Our species has repeatedly and reliably demonstrated its innate awfulness for the entirety of our history. If there is a way to exploit and be shitty to one another, we'll not only commit it, but we'll legalize it, normalize it, and pretend that not doing it is the weird thing.

[–] Vandals_handle@lemmy.world 4 points 18 hours ago (1 children)

Indigenous peoples worldwide learned how to exist sustainably and some have done so for thousands of years. Not a universal human issue although some societies do be that way.

[–] FlashMobOfOne@lemmy.world 5 points 18 hours ago

To an extent, yes, but they also did all of the awful things the other societies did too, including slavery, killing people over religion, and war among others.

[–] bagsy@lemmy.world 1 points 17 hours ago

Humans just happen to be at the top of the food chain at this point in time. littereraly millions of other creatures have held the title before us, and millions more will after us.

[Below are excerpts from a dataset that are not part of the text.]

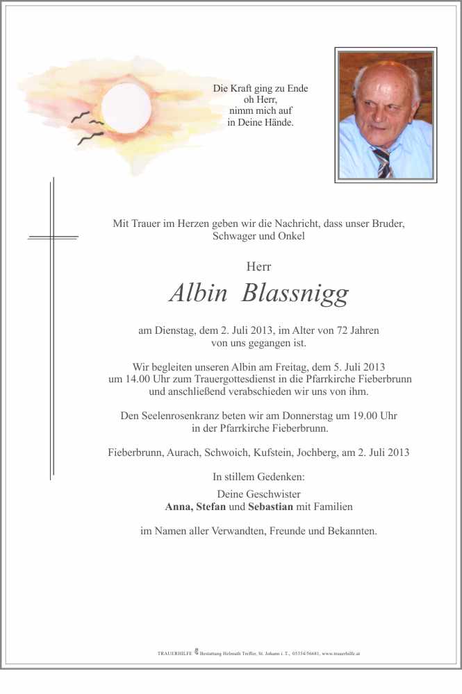Bestattung wurde durchgeführt von: Bestattung St. Johann Huber-Sturm Bestattung St. Johann Huber-Sturm Bestattung St. Johann Huber-Sturm GmbH Salzburgerstraße 27 6380 - St. Johann in Tirol Tel.: 050 1717 190 zum Bestatter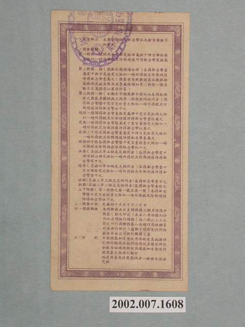基本發行張數為八十萬張,直式鈔券式設計,中央印製廠,紫色網底框,刊頭「第壹佰伍拾伍期」,「愛國獎券」四字白文置於框內,框上飾莨苕葉及連續弧線,以臺南開元寺的圖案為軸心,「台南開元寺」四字置於圖案右邊,面額新台幣伍圓,白文置於框內,框左右飾莨苕葉,上下飾連珠紋,編號FL407444,編號下飾雙梅花及愛國獎券浮水印,「勵行節約」四個字裝飾以花草紋,置於四角,臺灣省政府委託臺灣銀行發行,期數「155」以阿拉伯數字白文置於框下並置中,左右飾草紋。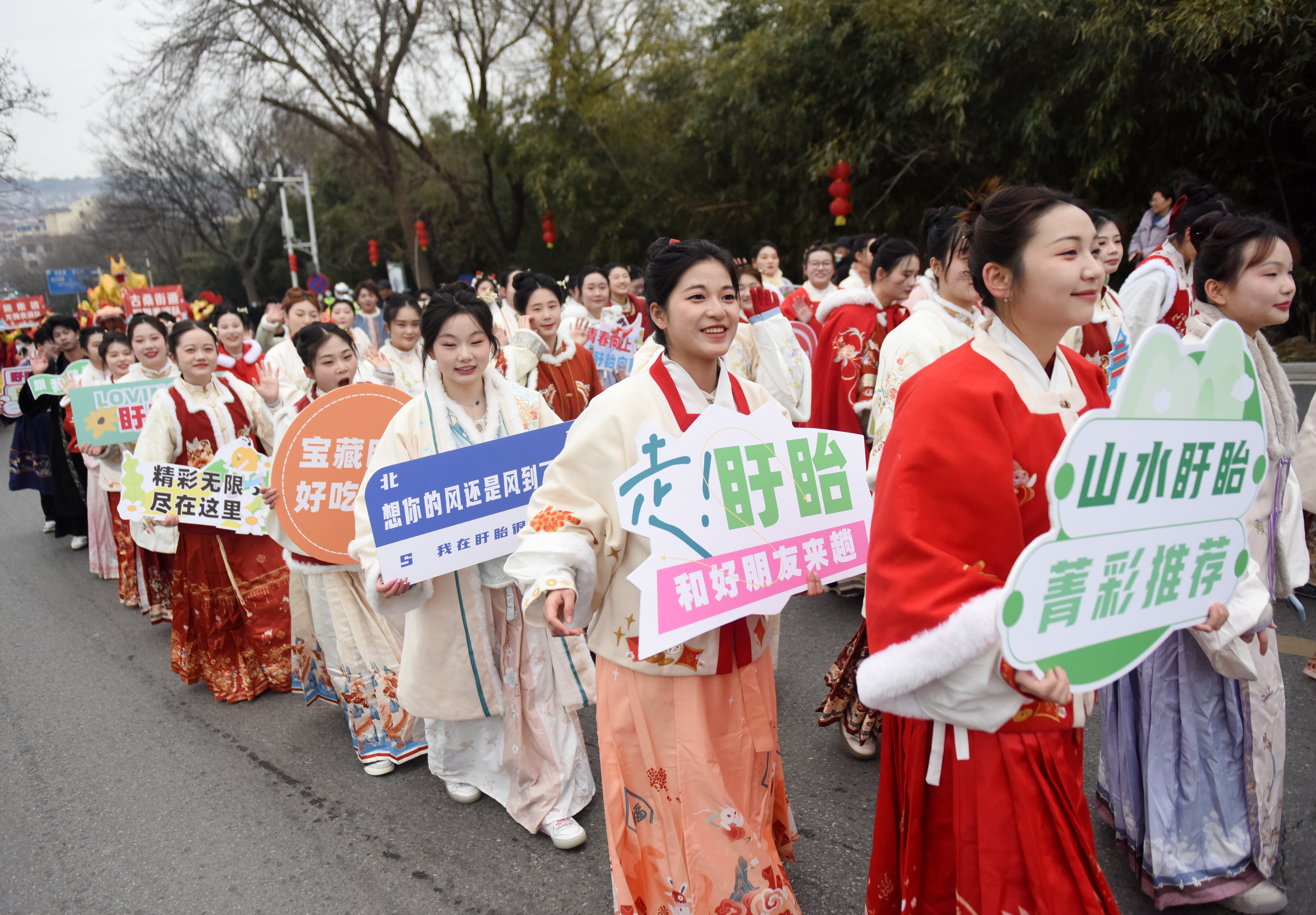 鱼灯闪烁、花船摇曳、舞龙舞狮精彩纷呈,游客和市民们看得目不暇接。在浩浩荡荡的队伍中,来自全国40余所高校的60余名盱眙籍大学生组成“菁彩盱眙推荐官”方阵,他们身着汉服,或束发盘髻、罗衣飘飘,或素色布衫、长风玉立,或锦衣华裳、飘逸灵动,或大气华贵、端庄秀丽热情地与观众互动招手,成为巡游队伍中一道最靓丽的风景。“作为一名大学生,能参加民俗巡游活动,太开心了!”来自南京师范大学的张毓桓表示,“以后我也会向更多的同学安利盱眙、推荐盱眙”。

Circle of life an all that.

[–] aceshigh@lemmy.world 5 points 1 day ago (1 children)

I don’t really see how this is important. Earth will heal once humans destroy themselves/their environment. Theoretically we should be trying to save earth for the next generation, but leaders think short term…. The next 3 months.

Earth will heal once humans destroy themselves/their environment

Depends on how ambitious we get with our fuckery. We could potentially create cascading environmental collapses that are bad enough to where we lose a huge chunk of biodiversity. Life will most likely continue on in some form, but it may never recover to be as complex and diverse as it is now.